Extracted data entries
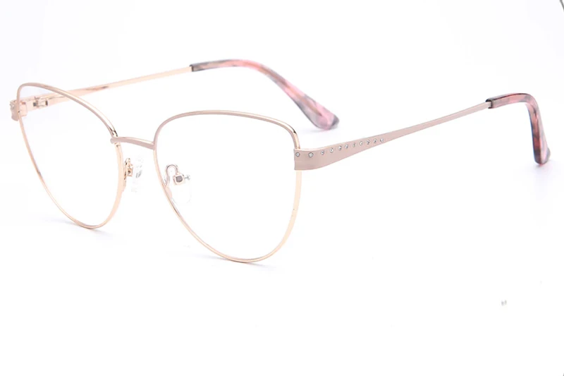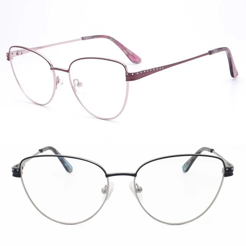 Classic designer metal glasses frame acrylic diamonds decoration temple cateye shape vintage prescr
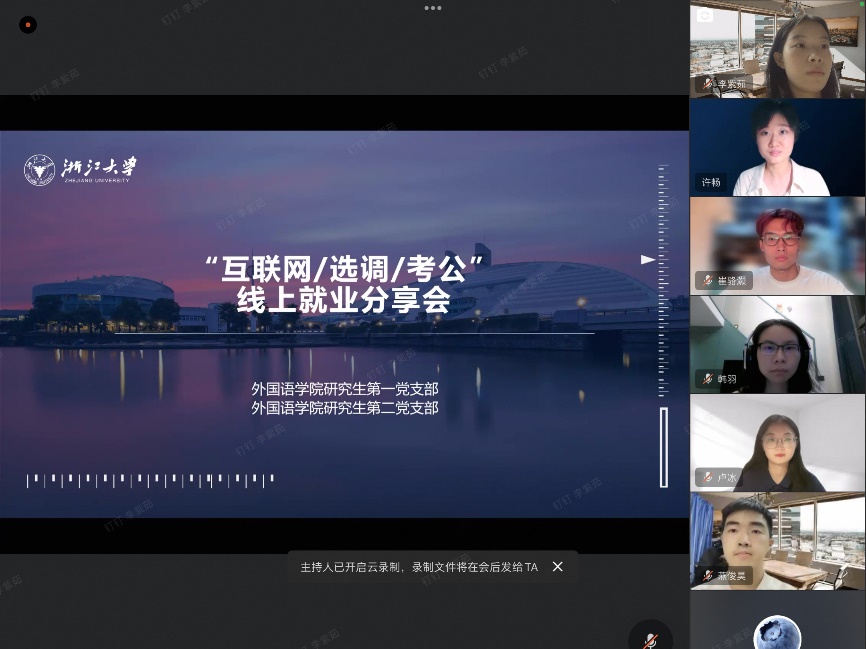 2025年6月20日,浙江大学外国语学院研究生第一党支部与研究生第二党支部联合举办的“互联网/选调/考公”线上就业分享会顺利开展。本次分享会特别邀请四位2025届英语语言文学专业硕士毕业生进行分享,包括即将就职于华为技术有限公司的崔骆灏、杭州游卡网络技术有限公司的韩羽、赤峰市红庙子政府的卢冰和全国对外友协的应真伊。四位优秀的学长学姐分别从互联网行业、游戏行业、选调考试以及国考等不同领域为同学们倾囊相授就业经验,助力同学们在职业规划与求职道路上稳步前行。
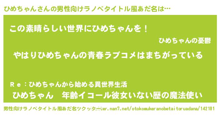| 女子向けラノベタイトル風あだ名 | 『ひめちゃんの雑貨屋さん』 |
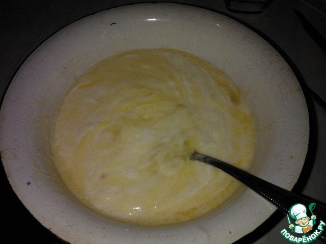 Теперь делаем заливку. В миске взбиваем до однородной массы яйца, соль, Сода гашенная уксусом, сметану, майонез, муку, сахар и ваниль.
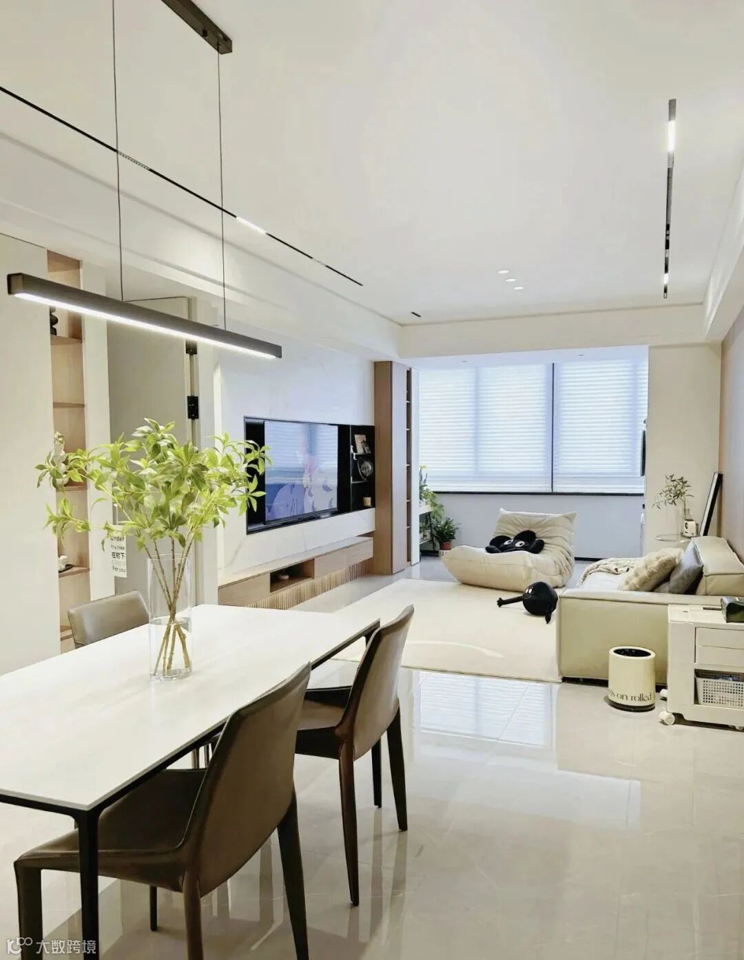 打掉阳台和客厅原本的移门,封阳台,最后阳台、客厅、餐厅组成一体,整体显大且通透。
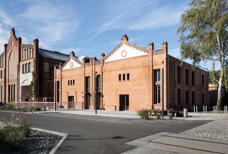 Es ist die ehemalige denkmalgeschützte Industriehalle der Härterei des Lokomotivbau-Unternehmens, der Berliner Maschinenbau-Aktiengesellschaft (BMAG), vormals „L. Schwartzkopff Berlin“, die in den 1950er Jahren zu einem zweigeschossigen Mehrzweckgebäude umgebaut wurde.
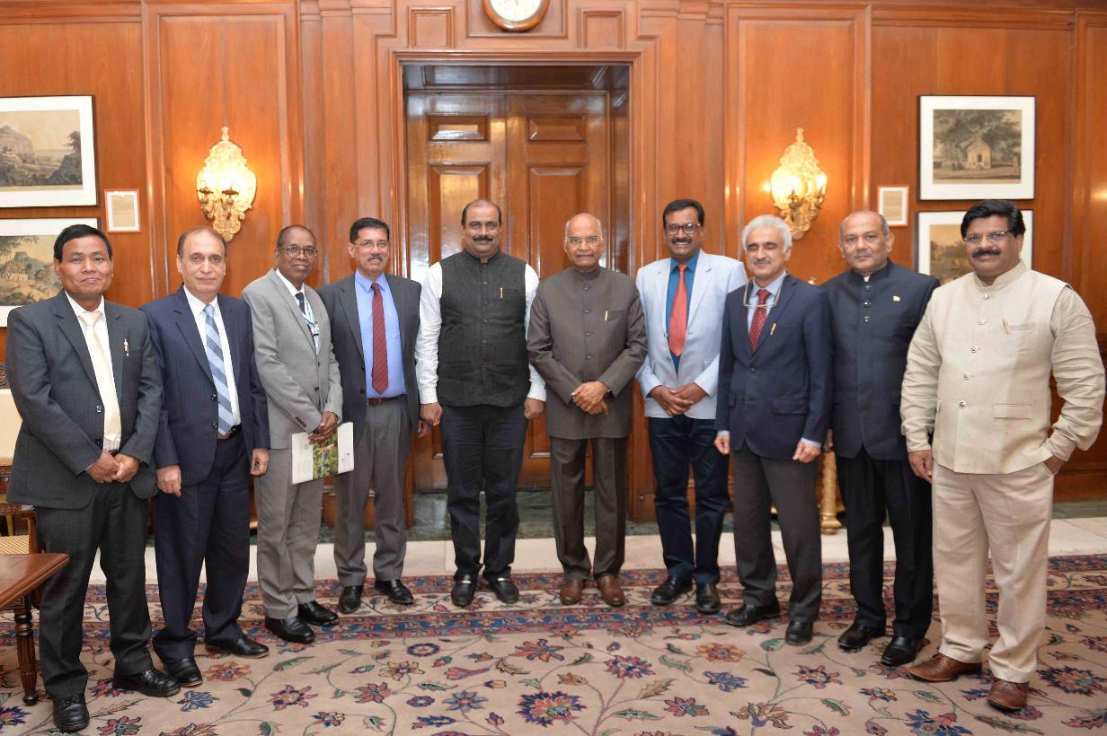 Shri Anil Khaitan, President alongwith officer bearers of PHD Chamber of Commerce & Industry and a team of women enterpreneurs meeting with the President of India, Shri Ram Nath Kovind, at Rashtrapati Bhavan on September 18, 2018.

TASK STATEMENT> Give all the lines above again, character for character, without pictures.

WRITTEN ANSWER>
 Classic designer metal glasses frame acrylic diamonds decoration temple cateye shape vintage prescr
 2025年6月20日,浙江大学外国语学院研究生第一党支部与研究生第二党支部联合举办的“互联网/选调/考公”线上就业分享会顺利开展。本次分享会特别邀请四位2025届英语语言文学专业硕士毕业生进行分享,包括即将就职于华为技术有限公司的崔骆灏、杭州游卡网络技术有限公司的韩羽、赤峰市红庙子政府的卢冰和全国对外友协的应真伊。四位优秀的学长学姐分别从互联网行业、游戏行业、选调考试以及国考等不同领域为同学们倾囊相授就业经验,助力同学们在职业规划与求职道路上稳步前行。
| 女子向けラノベタイトル風あだ名 | 『ひめちゃんの雑貨屋さん』 |
 Теперь делаем заливку. В миске взбиваем до однородной массы яйца, соль, Сода гашенная уксусом, сметану, майонез, муку, сахар и ваниль.
 打掉阳台和客厅原本的移门,封阳台,最后阳台、客厅、餐厅组成一体,整体显大且通透。
 Es ist die ehemalige denkmalgeschützte Industriehalle der Härterei des Lokomotivbau-Unternehmens, der Berliner Maschinenbau-Aktiengesellschaft (BMAG), vormals „L. Schwartzkopff Berlin“, die in den 1950er Jahren zu einem zweigeschossigen Mehrzweckgebäude umgebaut wurde.
 Shri Anil Khaitan, President alongwith officer bearers of PHD Chamber of Commerce & Industry and a team of women enterpreneurs meeting with the President of India, Shri Ram Nath Kovind, at Rashtrapati Bhavan on September 18, 2018.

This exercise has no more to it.